Aklı çalışanlar hükmedecek

Yurt dışındaki üniversitelerin teknolojiyi çok iyi kullandıklarından örnek veren Baran, "Silah üretiminden sağlığa birçok alanda üretim faaliyeti gerçekleştiriliyor. Bunu yapabilmelerinin nedeni teknoloji ve eğitimi bütünleşmiş şekilde değerlendirebilmeleri. Bizler de üretim yapıyoruz ancak üretimimizi teknoloji ile yeterince bütünleştirmiyoruz ve bu yüzden ürettiklerimiz diğerlerine oranla daha ucuz fiyatlara satılıyor. Bizler yükte hafif, pahada ağır olan ürünlere yönelmeli ve teknolojiyi üretimlerimize dahil etmeliyiz. Deniz suyunu içme suyuna dönüştürmek için çalışmalar yapılıyor, toprağın verimini arttırmak için de yine aynı şekilde yoğun bilimsel çalışmalar mevcut. Tüm bu gelişmeleri takip edebilmek için üniversitelerimizi desteklemeli ve oralarda yürütülen bilimsel çalışmalara gerekli önemi vermeliyiz. Bilimi terk edenler aynı zamanda yaşamı, yaşam kalitesini ve huzuru da kaybeder. Biz bilimi terk etmemeli ve dünyaca ünlü bilim adamları yetiştirerek refah seviyemizi arttırmayı hedeflemeliyiz. Artık alnı terleyen değil, aklı çalışanlar dünyaya hükmedecek" dedi.

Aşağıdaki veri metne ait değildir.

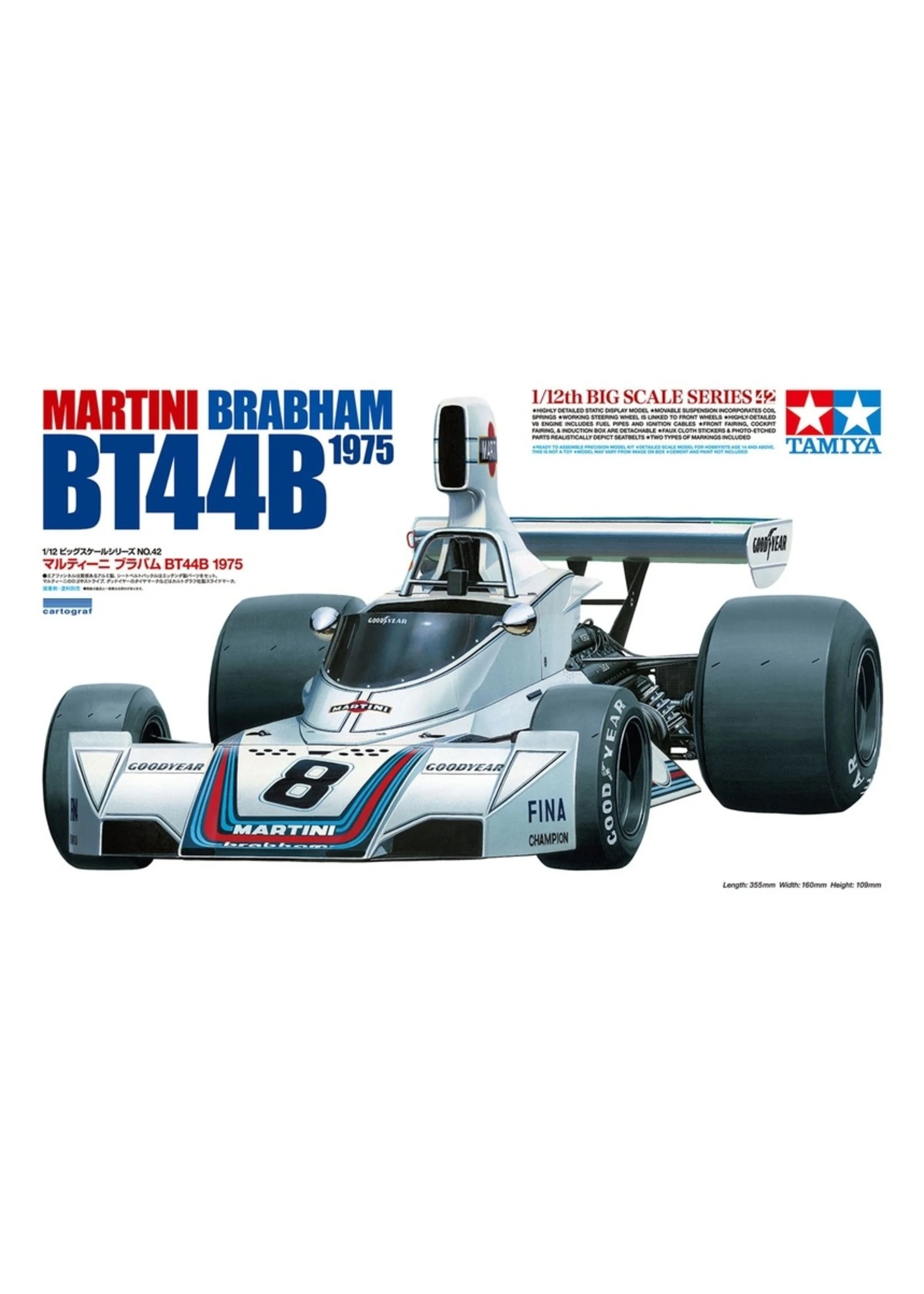 - 1/12 scale plastic assembly kit of the Martini Brabham BT44B 1975. Length: 355mm, width: 160mm, height: 109mm.
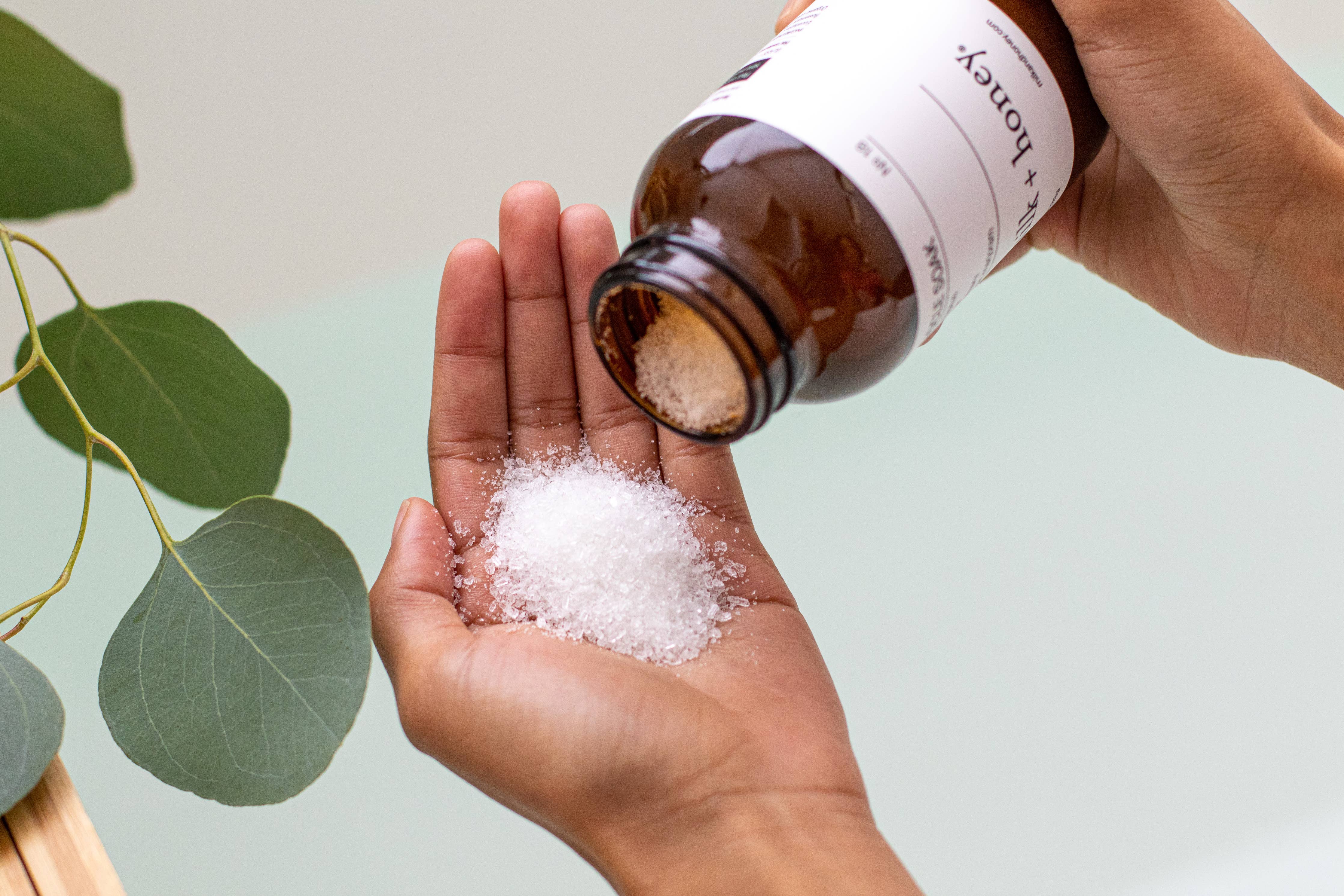 Directions: Pour one-quarter to one-third cup into a hot bath. Add a little more for extra sore muscles. Sit back and enjoy your happy place.
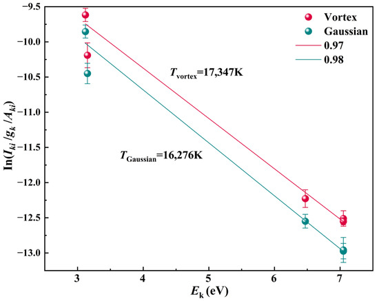 Boltzmann plot for plasma temperature determination at pulse energies of 50 (Gaussian beam) and 60 mJ (vortex beam).
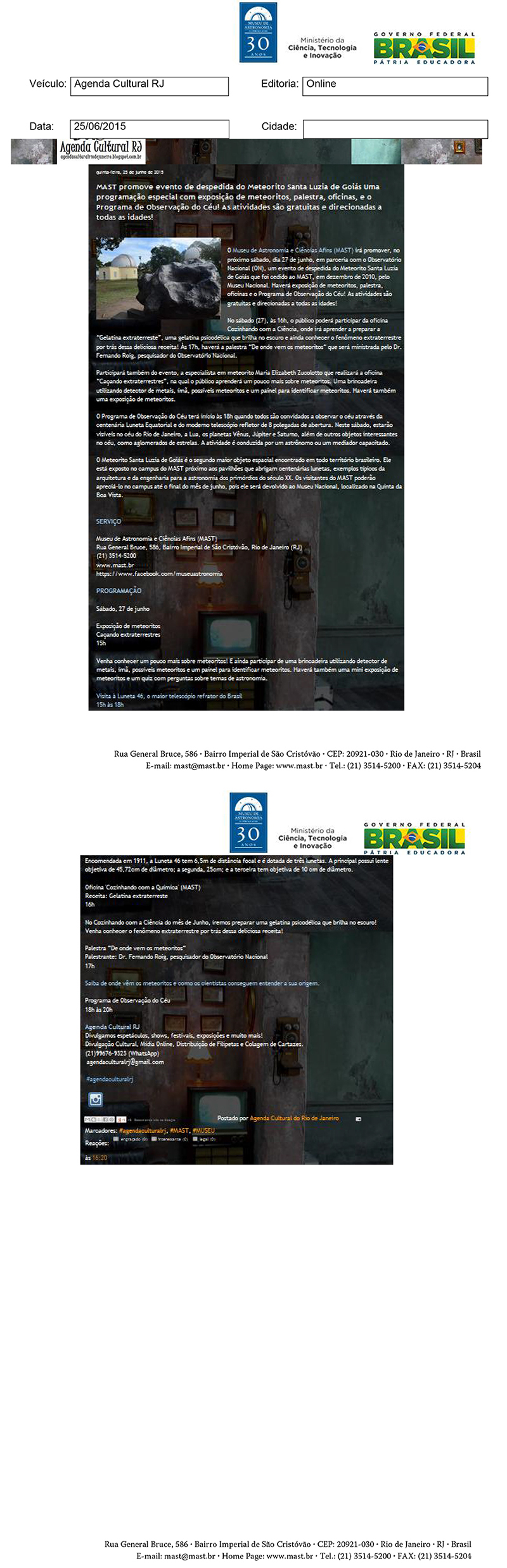 Agenda Cultural RJ | MAST promove evento de despedida do Meteorito Santa Luzia de Goiás uma programação especial
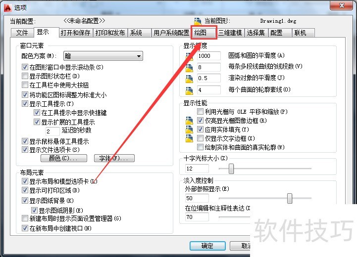 2、 第二步,单击鼠标右键,选择“选项”,进去设置对话框,单击“绘图”,如图所示;
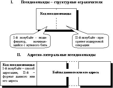 Рис. 3. Структура псевдокоманд формульного процессора Программа-эмулятор формульного процессора представляет собой информационно-логическую модель, реализующую пример системы кодов псевдокоманд и тактовой схемы процессора. Псевдокоманды – структурные ограничители являются однобайтными кодами символов-ограничителей алгоритмических формул (знаки арифметико-логических операций, скобки, знаки-разделители, коды выделенных операторов). Адресно-литеральные псевдокоманды состоят из однобайтного кода-определителя, описывающего формат и способ адресации данного, и самого этого данного либо соответствующей адресной ссылки. В адресной форме они могут задавать начальный адрес как операнда, так и подпрограммы-оператора или подпрограммы-функции. Внутреннее двоичное представление формульного кода напоминает одноадресную систему команд. Каждая отдельная псевдокоманда (элементарная инструкция) отвечает одному символу операторно-формульного кода и состоит из поля-определителя, содержащего код-определитель, подобный коду операции, и, возможно, единственного поля операнда (рис.3). Псевдокоманды подразделяются на адресно-литеральные и структурные ограничители, не содержащие поля операнда. Структурные ограничители выполняют роль символов-ограничителей (знаки операций, скобки, знаки-разделители, привилегированные операторы), а адресно-литеральные псевдокоманды соответствуют константам, переменным либо именам операторов и функций, т.е. составляют код оператора или функции. При этом поле операнда адресно-литеральной псевдокоманды может содержать непосредственно операнд арифметико-логической операции, либо адресную ссылку того или иного вида на такой операнд или на подпрограмму, отвечающую оператору или функции. В этих псевдокомандах поле-определитель задает формат операнда и способ его адресации. Пример возможной системы команд формульного процессора и тактовой схемы их выполнения был протестирован на реализуемость в программе-эмуляторе (табл.2 представляет часть соответствующей кодовой таблицы). Таблица 2 Структурные ограничители
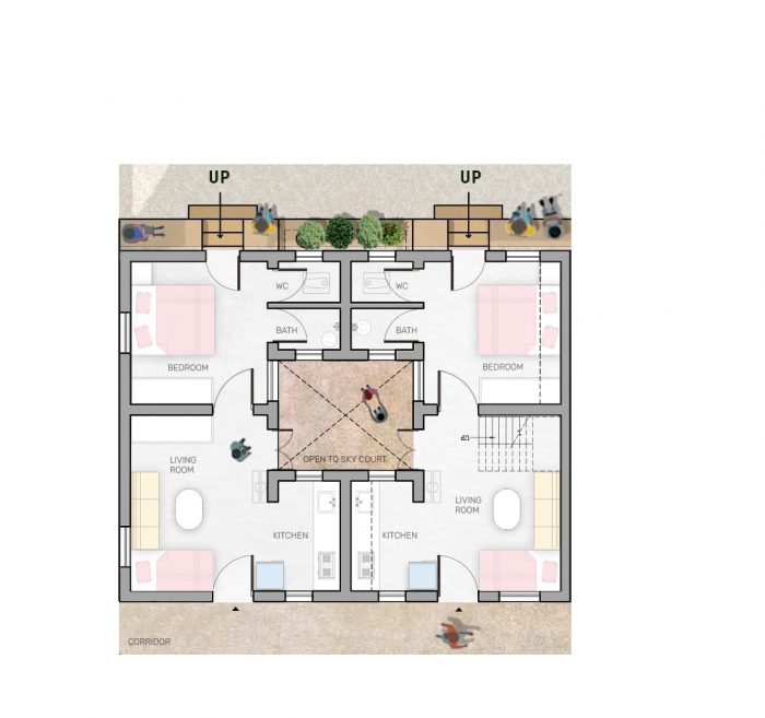 通过高度可复制的参与式规划和设计过程,Sanjaynagar的居民对所有规模的设计决策做出了贡献,从社区层面到个人住宅的定制。298个住宅单位被安排在8栋G+2楼。为了加强贫民窟的社会基础设施,这些建筑围绕着八个大小不一的院子。建成后,Sanjaynagar将成为一个功能齐全的社区,拥有所有必要的设施,包括供水、排水、道路、街道照明、儿童保育和社区中心、健康娱乐的庭院以及可食用的屋顶花园。在项目结束时,它将不再是一个贫民窟。
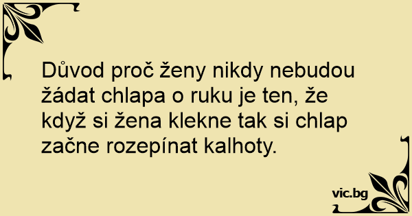 Důvod proč ženy nikdy nebudou žádat chlapa o ruku je ten, že když si žena klekne tak si chlap začne rozepínat kalhoty.
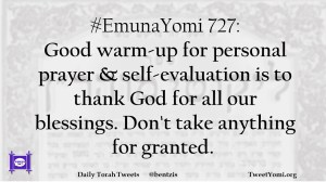 #EmunaYomi 727: Good warm-up for personal prayer & self-evaluation is to thank God for all our blessings. Don’t take anything for granted.
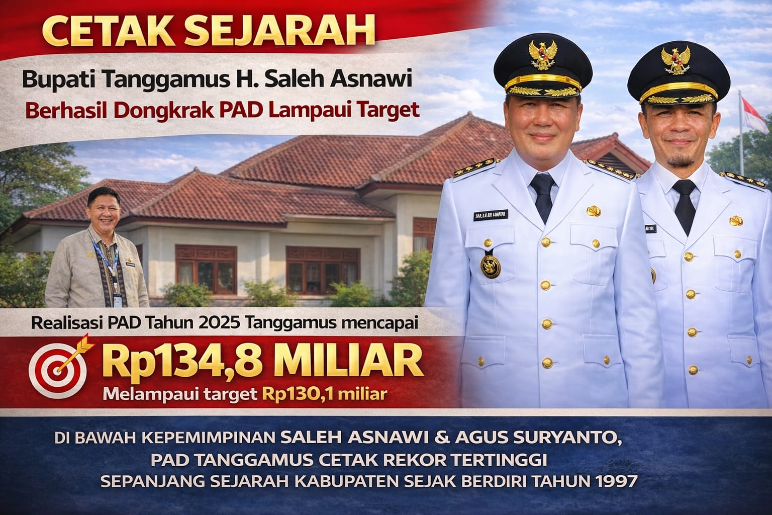 Capaian tersebut menjadi rekor tertinggi sepanjang sejarah Kabupaten Tanggamus dan menandai lonjakan signifikan kinerja pendapatan daerah, meskipun usia kepemimpinan duet Saleh Asnawi–Agus Suryanto belum genap satu tahun.

2030 yılında dünya nüfusunun şu ana oranla çok daha artacağını, ancak dünyanın bu insan yüküne bakabilmek için yeterli kapasiteye sahip olmadığını vurgulayan Baran, nüfusa yeterli gelecek üretimleri yapabilmek için teknolojiyi çok iyi kullanmak gerektiğini belirtti.

Türkiye'ye çekmeliyiz

Mezunlarının dünyaca ünlü şirketlerde ve üniversitelerde görev yaptığını aktaran Rektör Prof. Dr. Baran, "Modern toplumlarda her mesleğe ihtiyacımız var ama bizler için en iyi beyinlerin nereye gittiği konusu çok daha önemli. Doktor olup Almanların ürettiği araçlarla hastaları tedavi etmek mi daha iyi, yoksa mühendis olup bu araçları üretmek mi? En iyi beyinlerimizi Ar-Ge yapacak alanlara aktarmamız gerekiyor. Üniversitelerde hocalar çalışmalarına devam ederken, sanayiciler bazı sıkıntılar çekiyor. Oysa sanayiciler üniversitelerden yararlansa, tüm bu sorunlar ortadan kaldırılabilir. Gelişmiş ülkeler bunu sağladılar ve bu yüzden başarılı oldular. Biz de bunun için uğraşıyoruz. Mart ayında Türkiye'deki Ar-Ge merkezlerini ve sanayicileri üniversitemize davet edeceğiz. Üniversite ile toplum arasındaki duvarları yıkacağız. Büyük firmaların Asya ve Orta Doğu üretim bantlarını ülkemize çekerek çok sayıda kişiye istihdam sağlayabiliriz diye düşünüyoruz. Üniversitemizin uluslararası bir marka olmasını istiyoruz" diye konuştu.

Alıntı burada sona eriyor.